Not only did the speaker demonstrate the savvy that garnered her the speaker’s gavel in the first place by wrangling the votes to pass a bill whose epitaph pundits had been composing since the notorious town hall protests of Congress’ August recess, but she also, as columnist Camille Paglia wrote for Salon, “conclusively demonstrated that a woman can be just as gritty, ruthless and arm-twisting in pursuing her agenda as anyone in the long line of fabled male speakers before her.”
However, the process of creating the legislation Pelosi worked so hard to pass is less than perfect and in dire need of reform. The fact that few legislators had actually read the contents of the House bill prior to its passage and the sheer haste of the bill’s composition are detrimental to our system of governance. Legislation that as impactful and permanent as this ought to be carefully deliberated upon and debated, not hastily patched together to meet artificial deadlines.
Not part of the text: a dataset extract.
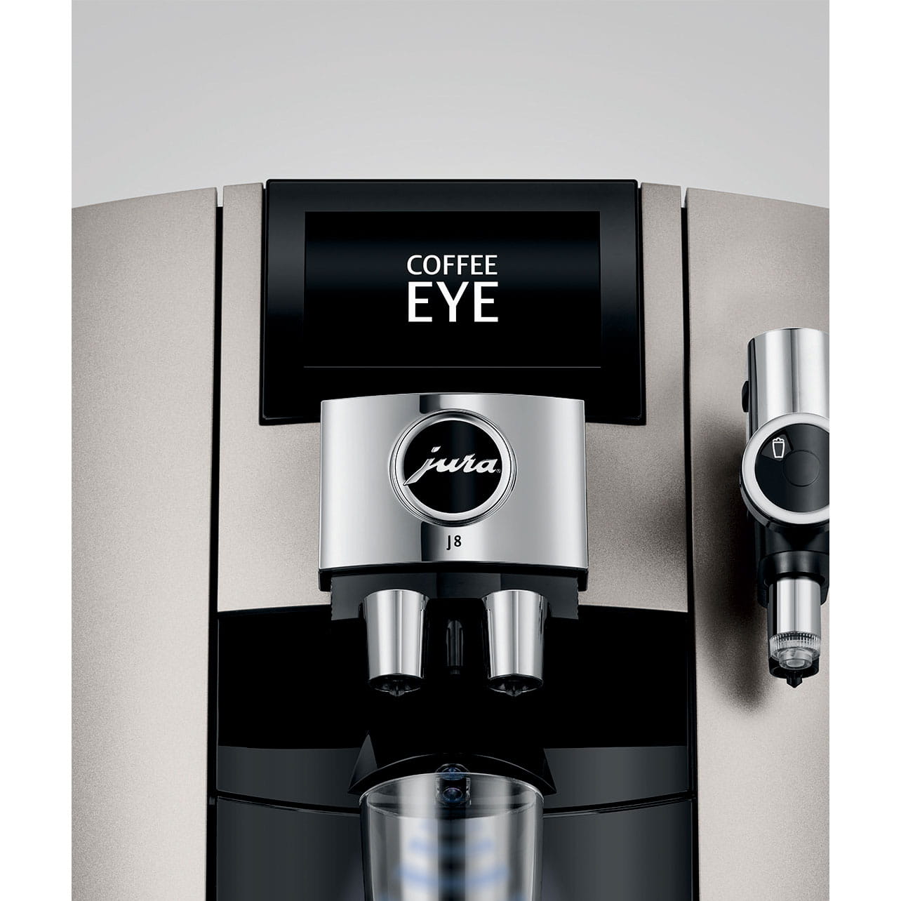 Niezależnie od tego, czy to klasyczna kawa z centralnej wylewki, czy specjał wzbogacony mlekiem i pianką mleczną z wylewki cappuccino – Coffee Eye ułatwia przyrządzanie idealnego specjału. Inteligentny czujnik filiżanki automatycznie dostosowuje specjały dostępne do wyboru na wyświetlaczu do położenia filiżanki. Dla jeszcze łatwiejszej i bardziej intuicyjnej obsługi.

This imperfect process lends itself to unnecessary politicization and the abuse of earmarks so rampant in Congress. One example of this includes the $10 billion allocated in the House bill for unions, a political earmark that has no place in a bill devoted to reforming our health care delivery system. Another example is the Stupak Amendment. The bill that the House passed is historic and should be considered a major victory, but it would be a tragedy for the Representative’s Stupak’s language to survive into the final version of what would be President Obama’s greatest domestic achievement.